::: DATA EXTRACT :::

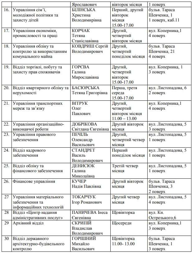 Тернопільська міська рада оновила графік прийому громадян керівниками структурних підрозділів мерії.
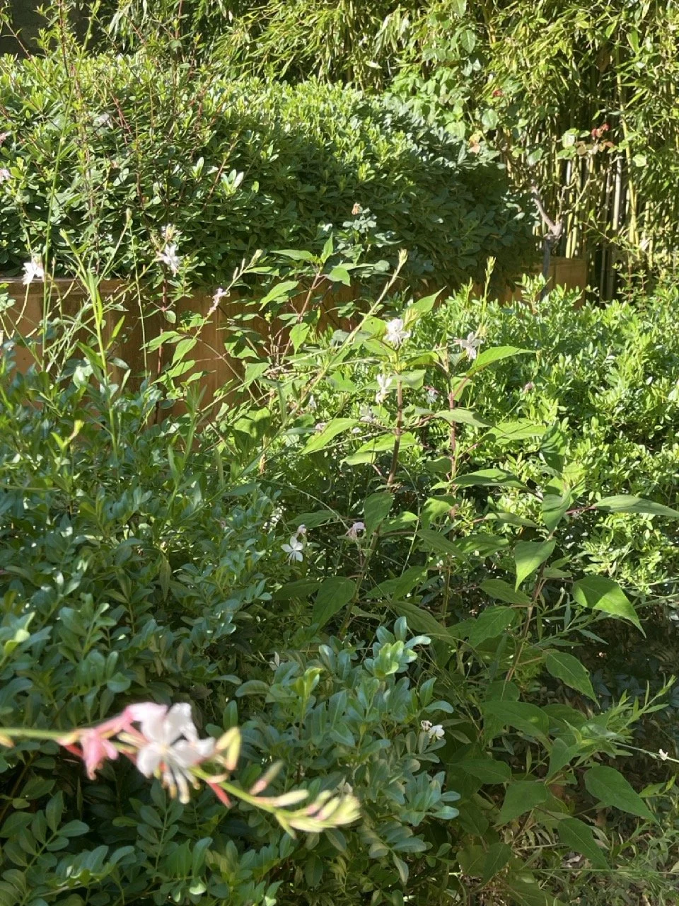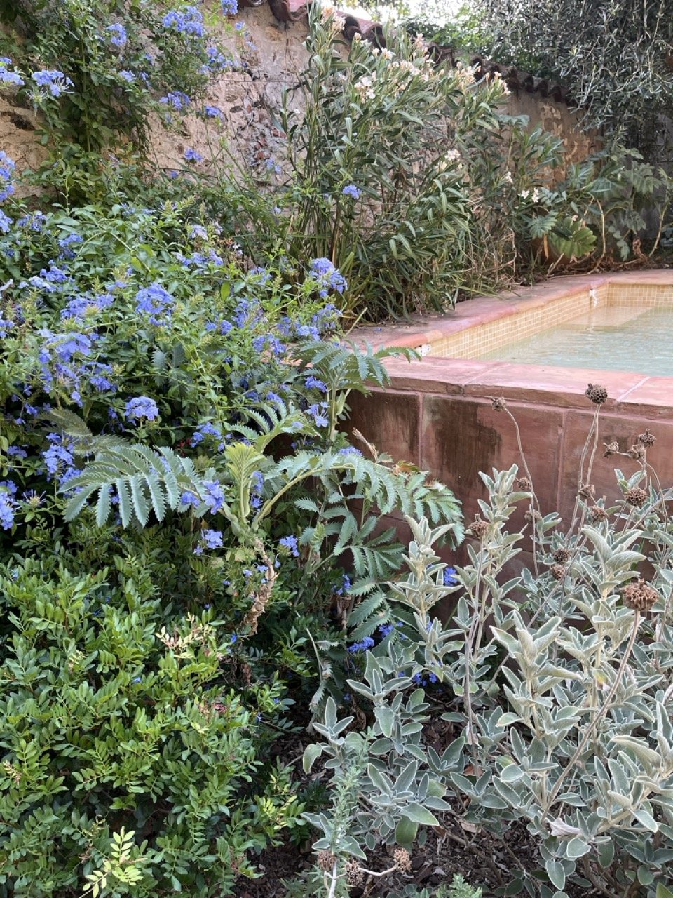 Pistachiers, romarins et pittospores assurent une structure forte et persistante tout au long de l’année. De nombreuses vivaces et rosiers viennent ponctuer les saisons de leurs feuillages et floraison.
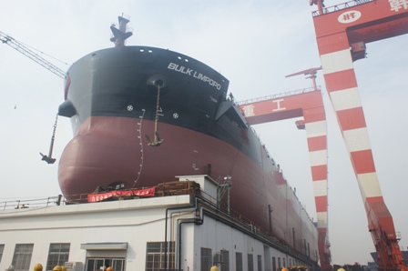 55000噸自卸散貨輪(船體號HT081)命名及下水儀式

:::

Output the data exactly. Leave every picture out.

 Тернопільська міська рада оновила графік прийому громадян керівниками структурних підрозділів мерії.
 Pistachiers, romarins et pittospores assurent une structure forte et persistante tout au long de l’année. De nombreuses vivaces et rosiers viennent ponctuer les saisons de leurs feuillages et floraison.
 55000噸自卸散貨輪(船體號HT081)命名及下水儀式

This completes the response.